- INFORMATION SHOWN
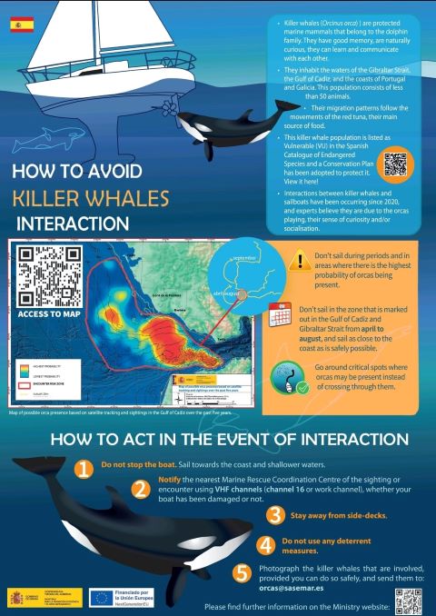 The Spanish Government have issued new guidelines on how to avoid orca, and what to do in the event of an interaction (see poster image).
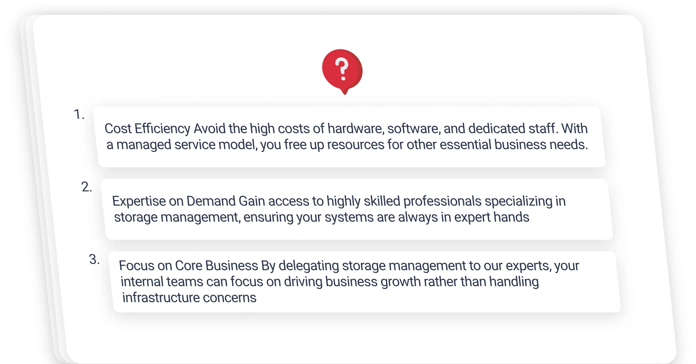 • Focus on Core Business By delegating storage management to our experts, your internal teams can focus on driving business growth rather than handling infrastructure concerns
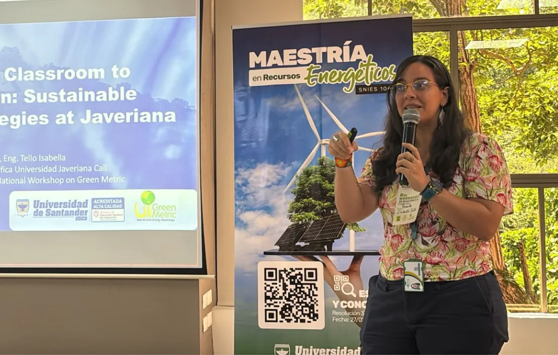 Isabella Tello, profesional de Gestión Ambiental de la Javeriana Cali, estuvo presente en el 8° Workshop GreenMetric Colombia, que se realizó los días 8, 9 y 10 de mayo en la Universidad de Santander y reunió a expertos en sostenibilidad ambiental universitaria.
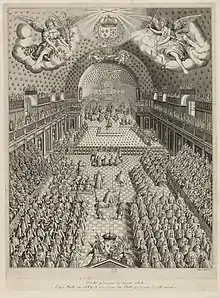The Ballet Comique de la Reine, regarded by James R. Anthony as the first true ballet de cour, was performed at the Petit-Bourbon on 15 October 1581, during the festivities surrounding the marriage of the Duke de Joyeuse and the queen's sister, Marguerite de Vaudemont.[8] The French court's first great carousel (a type of tourney performed as a ballet) was held in the Grande Salle in February 1605.[9] The Estates General of 1614 and 1615 and some of the celebrations accompanying the marriage of Louis XIII in 1615 were also held there.[3]
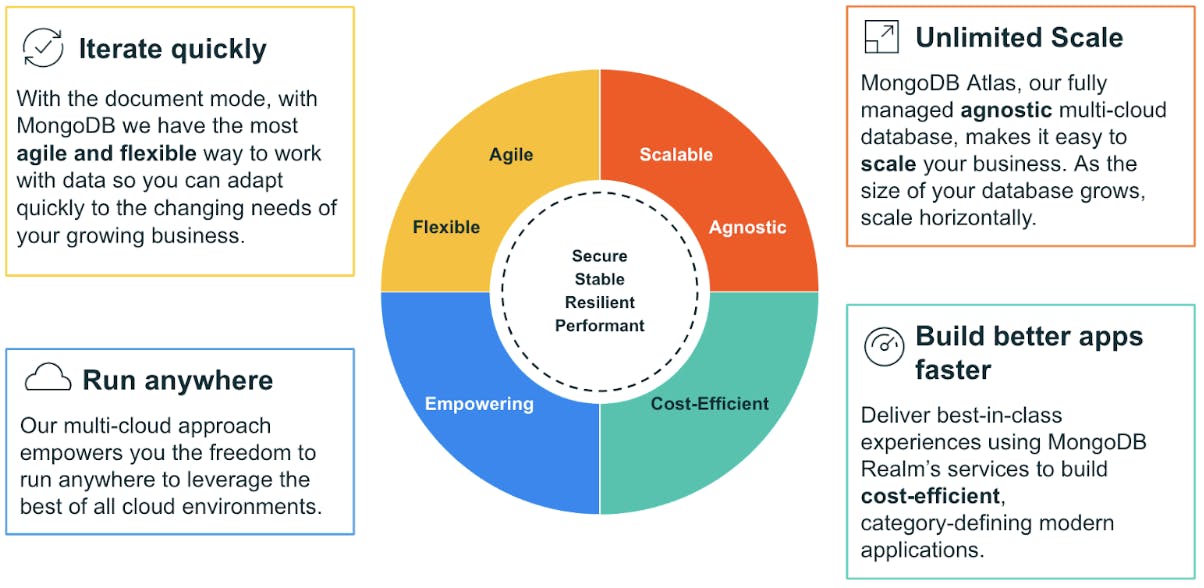 Figure 1: commercetools chose MongoDB because it helps them iterate quickly, gives them unlimited scale, can run anywhere and to build better apps faster.

- REQUIREMENT
Take the lines of the material above from the first through the one containing "Isabella Tello, profesional", both included, and print them exactly without the pictures.

- COMPLETED EXERCISE
 The Spanish Government have issued new guidelines on how to avoid orca, and what to do in the event of an interaction (see poster image).
 • Focus on Core Business By delegating storage management to our experts, your internal teams can focus on driving business growth rather than handling infrastructure concerns
 Isabella Tello, profesional de Gestión Ambiental de la Javeriana Cali, estuvo presente en el 8° Workshop GreenMetric Colombia, que se realizó los días 8, 9 y 10 de mayo en la Universidad de Santander y reunió a expertos en sostenibilidad ambiental universitaria.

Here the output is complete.